FR167653 inhibits the production of inflammatory cytokines such as interleukin-1beta (IL-1beta) and tumor necrosis factor alpha (TNF-alpha) in human monocytes in a dose-dependent manner. We examined the effects of FR167653 on the propagation of myocardial infarction resulting from coronary occlusion-reperfusion and the time course of expression of these cytokines in myocardial tissue in rats. Myocardial infarction was induced by coronary ligation for 20 minutes followed by 2 hours of reperfusion. Although hemodynamic parameters did not differ significantly during coronary occlusion-reperfusion, the size of the infarct was significantly reduced by intravenous administration of FR167653 before occlusion (p < 0.01). mRNA levels of IL-1beta and TNF-alpha assessed by the reverse-transcriptase polymerase chain reaction method were significantly increased during coronary occlusion-reperfusion in the ischemic myocardium. Treatment with FR167653, however, significantly reduced the increased expression of these cytokines. These results indicate that the expression of inflammatory cytokines increases in the ischemic-reperfused myocardium and that the inhibition of the increased expression of cytokines by FR167653 effectively reduces myocardial ischemia-reperfusion injury.

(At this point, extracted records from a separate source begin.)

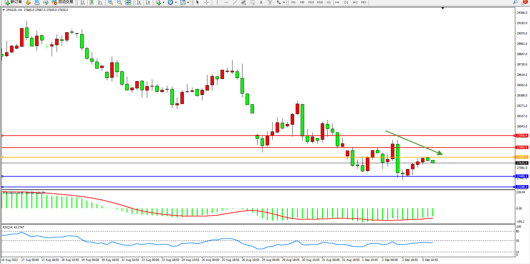 日经225指数9月5日(周一)收盘下跌24.34点,跌幅0.09%,报27626.50点。日本8月Markit服务业PMI录得49.5,高于前值的49.2,但仍处于收缩区间;市场定价美联储终端利率较高,日本央行可能按兵不动。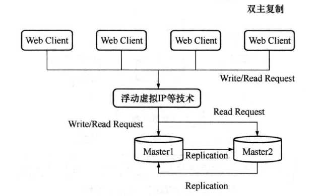 3、双主复制/Dual Master架构双主复制/Dual Master架构特别适合于DBA做维护需要主从切换的场景,通过该架构避免了重复搭建从库的麻烦,如图: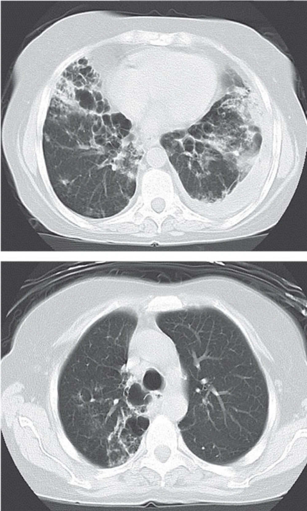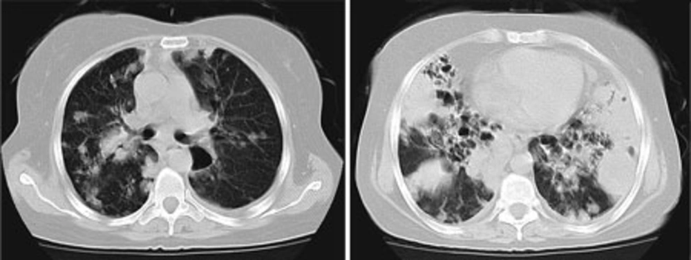 On arrival in emergency room, she appeared severely ill and she was in respiratory distress; respiratory rate 40 breaths/min, heart rate 120 beats/min, temperature 37.6° C, blood pressure 105/80 mm/Hg, and oxygen saturation 93% (with 4 litres of mask oxygen). Facial flushing, oral thrush and musical lung sounds were the remarkable findings. Further investigation revealed leukocytosis (white blood cells: 17 700/mm3), anemia (hemoglobin: 10.3 gr/dL), normal renal and liver function tests, elevated ESR (110 mm/hr), elevated serum lactate dehydrogenase (LDH) (1 190 U/L), and high random blood sugar (336 mg/dL). Mild proteinuria and glycosuria without pyuria, hematuria and casts were reported in the urinalysis. Chest roentgenogram showed multilobar infiltrates and also bronchiectasis, particularly in both of the upper lobes. She was commenced on azithromycin (500 mg loading dose, then 250 mg daily), piperacillin-tazobactam (4.5 gr q6h), bronchodilator, and hydrocortisone (50 mg q3h). Her chest computed tomographic (CT) scan is shown in Figure 1.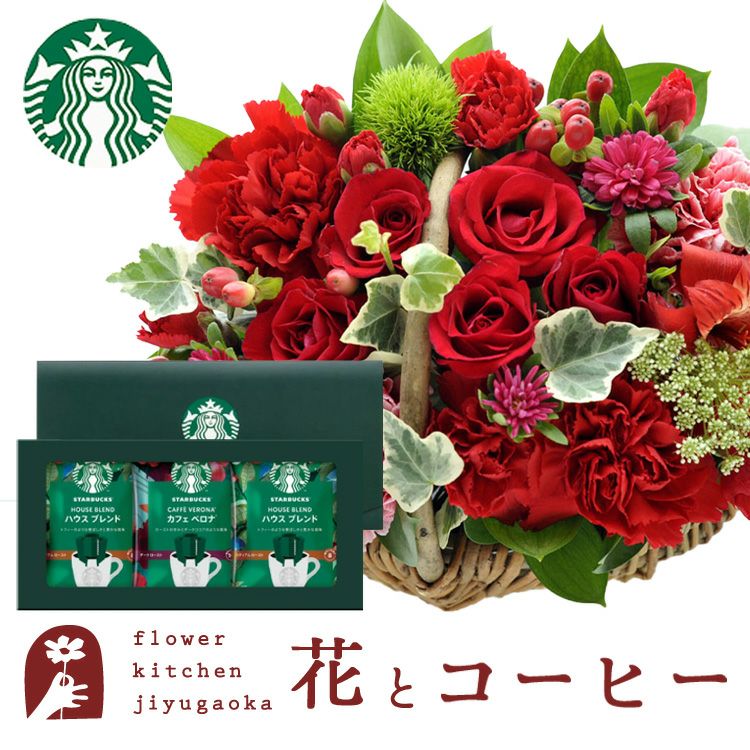 ミニョンバスケット【レッド】+スターバックスドリップコーヒーセット 生花 FKAASW
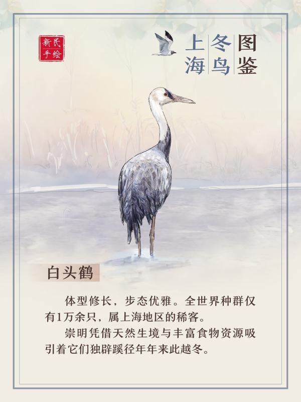 ️白头鹤体型修长,步态优雅。全世界种群仅有1万余只,属上海地区的稀客。崇明凭借天然生境与丰富食物资源吸引着它们独辟蹊径年年来此越冬。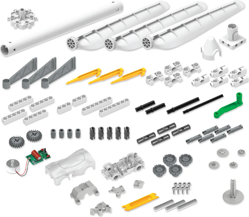 Experiment with the integrated hand crank to feel energy generation in your hands. Conduct experiments to optimize the turbineās performance by adjusting the angle of the blades and discover how to use the wind turbine to light up an LED. Quickly charge an electric capacitor to power a sleek electric car and demonstrate a tangible application for the stored electricity.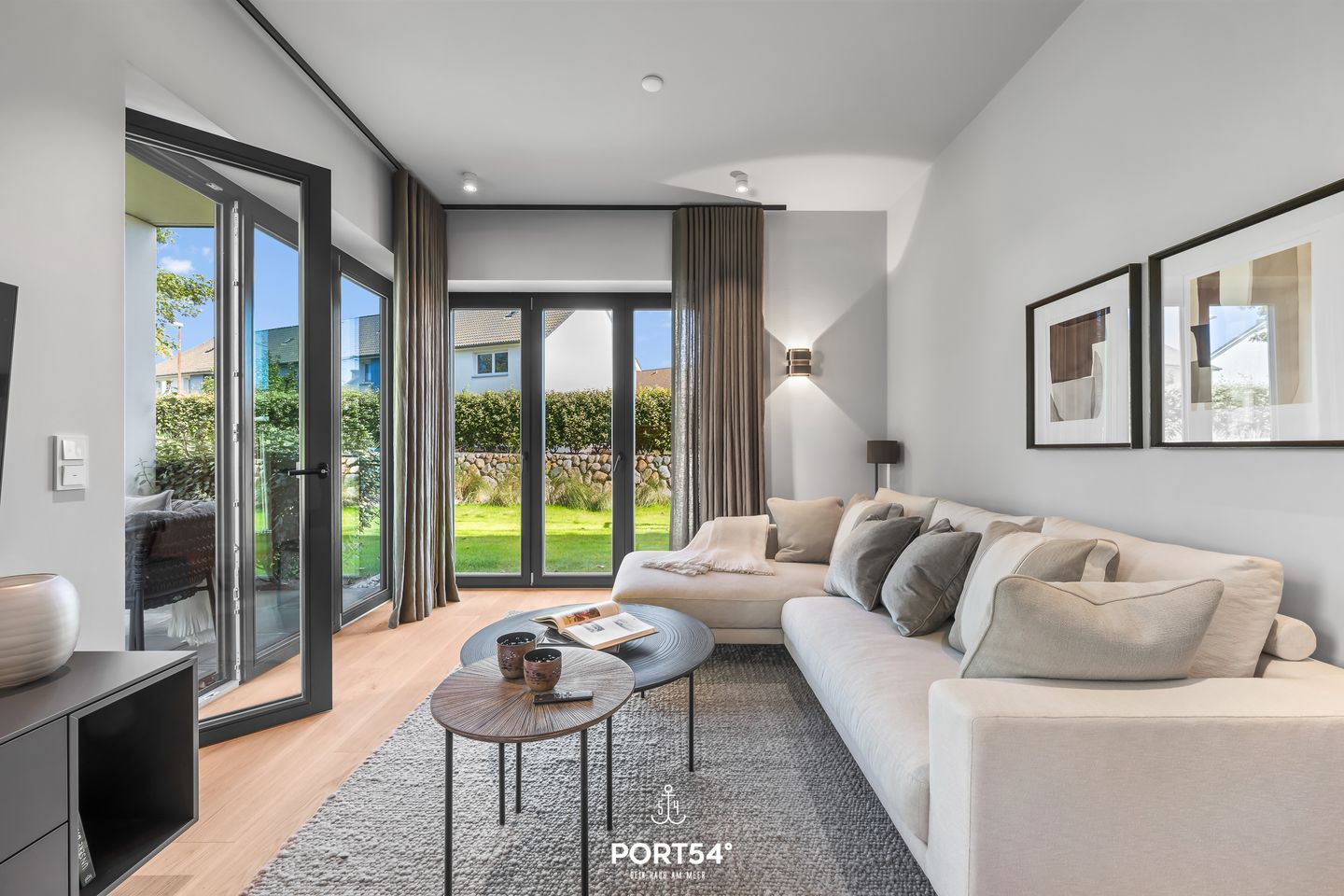 Herzstück der Wohnung ist der offene Wohnbereich, der Hell und einladend ist. Die moderne Küche von SieMatic ist mit einem Induktionsherd, Backofen, Wärmeschublade und einem Geschirrspüler voll ausgestattet. Außerdem finden Sie in der Küche einen Quooker, damit lässt sich problemlos heißes Wasser, sowie Sprudelwasser erzeugen. Für gemütliche Abende steht Ihnen ein bequemer Sofabereich zur Verfügung, um die Zeit gemeinsam zu verbringen oder einen Film auf dem Smart-TV zu genießen.

细胞因子抑制剂FR167653可减轻大鼠心肌缺血再灌注损伤。
FR167653以剂量依赖的方式抑制人单核细胞中炎症细胞因子如白细胞介素-1 β (il -1 β)和肿瘤坏死因子α (tnf - α)的产生。我们检测了FR167653对大鼠冠状动脉闭塞-再灌注心肌梗死增殖的影响以及这些细胞因子在心肌组织中的表达时间。冠脉结扎20分钟,再灌注2小时诱导心肌梗死。尽管冠状动脉闭塞-再灌注期间血流动力学参数无显著差异,但闭塞前静脉给予FR167653可显著减小梗死面积(p < 0.01)。逆转录酶聚合酶链反应法测定的缺血心肌il -1 β和tnf - α mRNA水平在冠状动脉闭塞-再灌注过程中显著升高。然而,用FR167653治疗可显著降低这些细胞因子的表达。上述结果表明,缺血-再灌注心肌中炎性细胞因子表达增加,FR167653抑制细胞因子表达增加可有效减轻心肌缺血-再灌注损伤。
本文章由计算机程序翻译,如有差异,请以英文原文为准。